» **PROBLEM TO WORK ON**: Using the listing below, print the line containing "Dana Pensiun Lembaga Keuangan Adalah: Ini", the line containing "На аверсі монети", and each line between them, exactly and nothing else. Pictures stay out of the print.

PROVIDED ENTRIES START

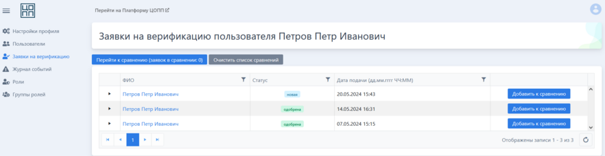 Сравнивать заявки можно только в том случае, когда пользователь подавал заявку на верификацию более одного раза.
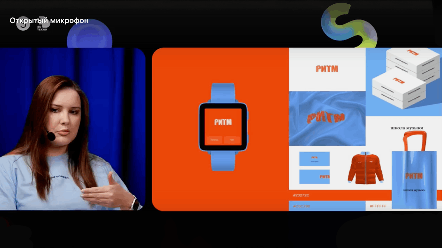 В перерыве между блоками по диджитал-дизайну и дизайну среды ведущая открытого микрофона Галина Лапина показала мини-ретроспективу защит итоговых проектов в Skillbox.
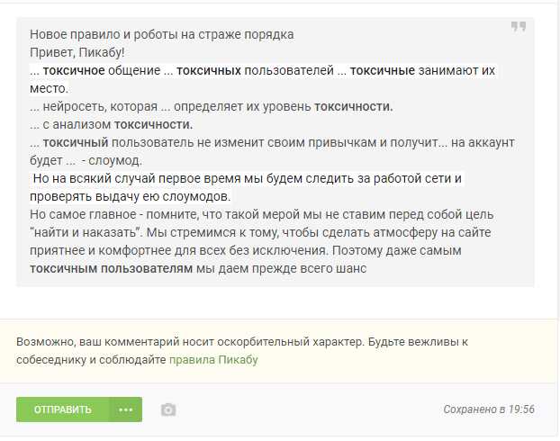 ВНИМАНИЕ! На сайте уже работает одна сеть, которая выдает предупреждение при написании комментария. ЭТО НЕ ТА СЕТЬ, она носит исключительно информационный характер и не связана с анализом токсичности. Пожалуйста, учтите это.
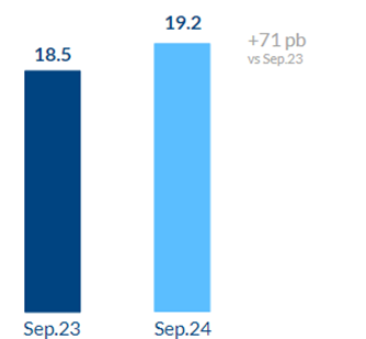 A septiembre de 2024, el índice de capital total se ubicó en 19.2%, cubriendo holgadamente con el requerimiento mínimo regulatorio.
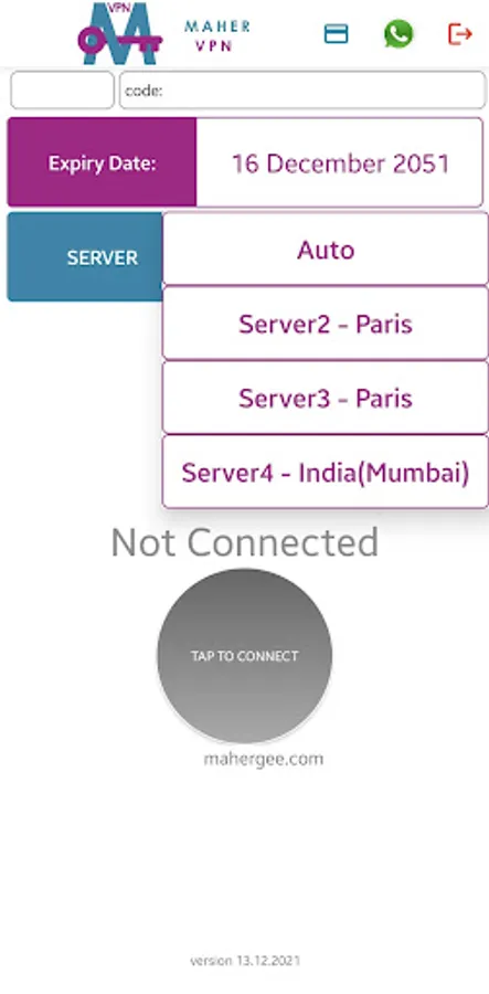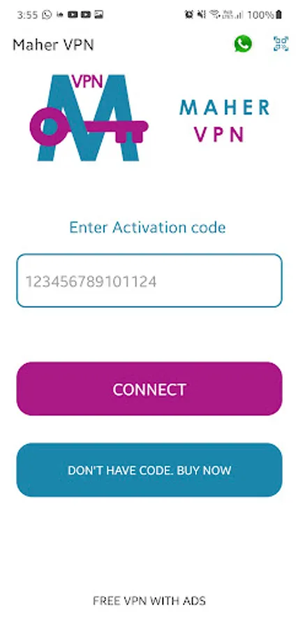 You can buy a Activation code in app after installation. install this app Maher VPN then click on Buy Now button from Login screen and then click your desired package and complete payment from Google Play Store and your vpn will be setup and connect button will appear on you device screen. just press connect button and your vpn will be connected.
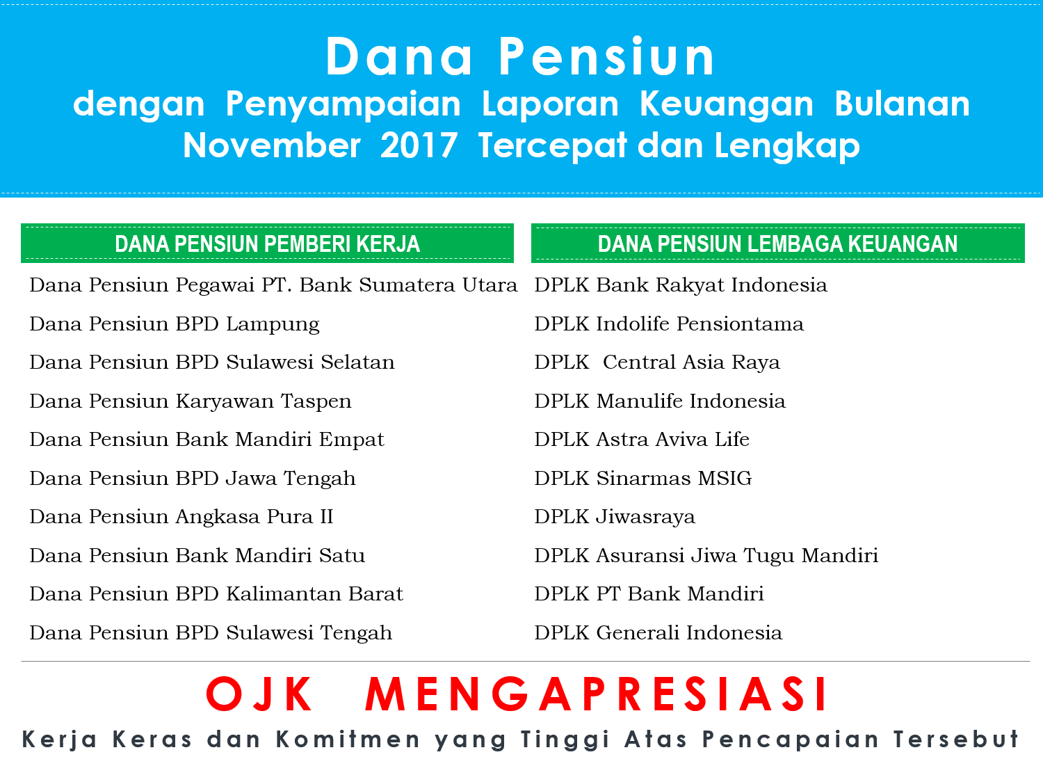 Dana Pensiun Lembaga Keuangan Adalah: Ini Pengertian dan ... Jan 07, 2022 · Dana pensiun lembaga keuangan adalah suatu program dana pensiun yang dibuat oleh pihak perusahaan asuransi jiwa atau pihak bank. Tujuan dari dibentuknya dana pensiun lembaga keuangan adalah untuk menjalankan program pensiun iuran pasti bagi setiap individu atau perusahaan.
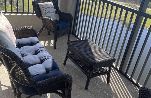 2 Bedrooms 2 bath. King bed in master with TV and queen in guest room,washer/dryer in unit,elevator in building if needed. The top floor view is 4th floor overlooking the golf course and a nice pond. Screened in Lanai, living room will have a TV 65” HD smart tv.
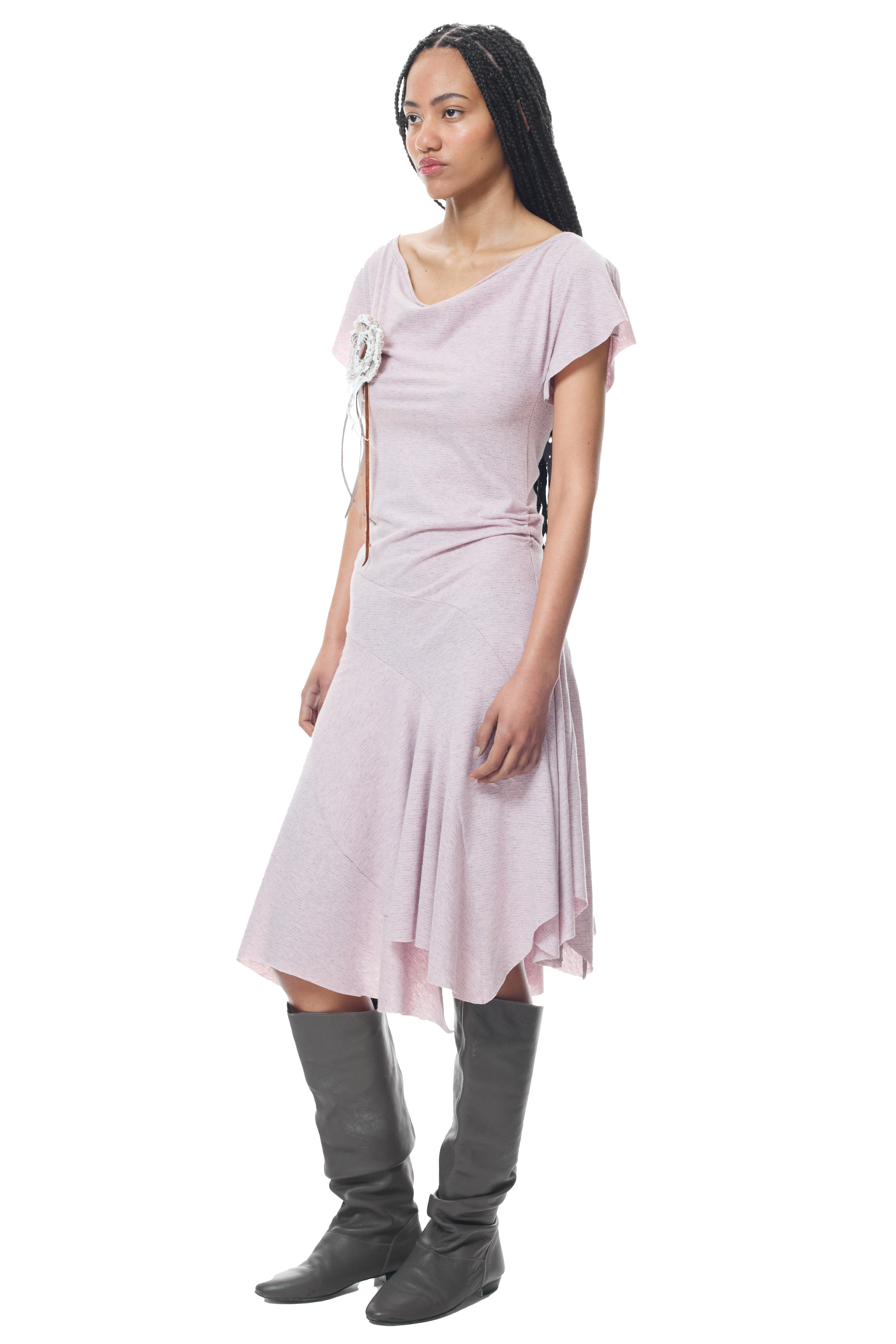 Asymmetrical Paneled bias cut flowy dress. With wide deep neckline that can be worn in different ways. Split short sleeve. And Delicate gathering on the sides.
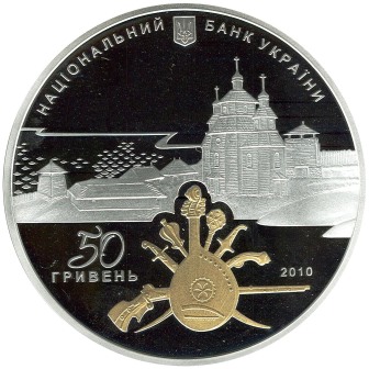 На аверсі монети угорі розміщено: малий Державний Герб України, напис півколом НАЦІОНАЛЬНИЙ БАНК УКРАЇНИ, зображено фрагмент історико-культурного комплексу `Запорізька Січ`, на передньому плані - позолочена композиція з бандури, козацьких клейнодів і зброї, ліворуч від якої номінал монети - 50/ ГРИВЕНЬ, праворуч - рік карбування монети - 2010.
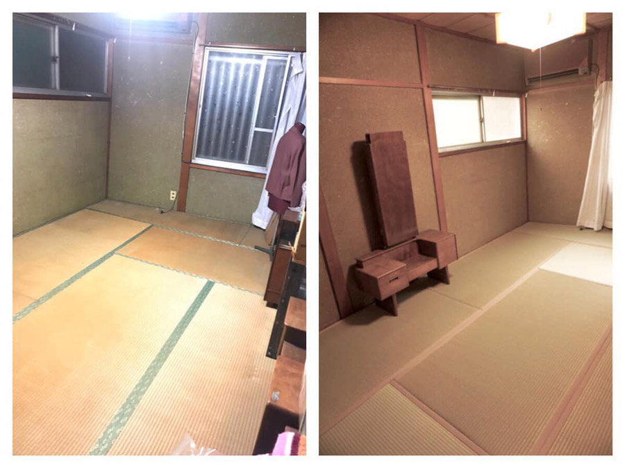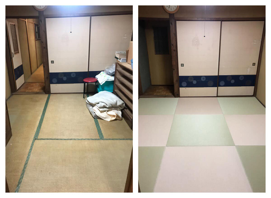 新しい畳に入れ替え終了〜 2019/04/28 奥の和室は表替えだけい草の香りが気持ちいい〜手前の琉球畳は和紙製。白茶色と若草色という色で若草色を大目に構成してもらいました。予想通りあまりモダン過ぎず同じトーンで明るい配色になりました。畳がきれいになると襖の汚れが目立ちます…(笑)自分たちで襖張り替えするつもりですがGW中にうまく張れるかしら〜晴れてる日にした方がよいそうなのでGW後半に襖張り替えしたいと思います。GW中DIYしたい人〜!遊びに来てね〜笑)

PROVIDED ENTRIES END

» **RESULT OF THE TASK**:
 Dana Pensiun Lembaga Keuangan Adalah: Ini Pengertian dan ... Jan 07, 2022 · Dana pensiun lembaga keuangan adalah suatu program dana pensiun yang dibuat oleh pihak perusahaan asuransi jiwa atau pihak bank. Tujuan dari dibentuknya dana pensiun lembaga keuangan adalah untuk menjalankan program pensiun iuran pasti bagi setiap individu atau perusahaan.
 2 Bedrooms 2 bath. King bed in master with TV and queen in guest room,washer/dryer in unit,elevator in building if needed. The top floor view is 4th floor overlooking the golf course and a nice pond. Screened in Lanai, living room will have a TV 65” HD smart tv.
 Asymmetrical Paneled bias cut flowy dress. With wide deep neckline that can be worn in different ways. Split short sleeve. And Delicate gathering on the sides.
 На аверсі монети угорі розміщено: малий Державний Герб України, напис півколом НАЦІОНАЛЬНИЙ БАНК УКРАЇНИ, зображено фрагмент історико-культурного комплексу `Запорізька Січ`, на передньому плані - позолочена композиція з бандури, козацьких клейнодів і зброї, ліворуч від якої номінал монети - 50/ ГРИВЕНЬ, праворуч - рік карбування монети - 2010.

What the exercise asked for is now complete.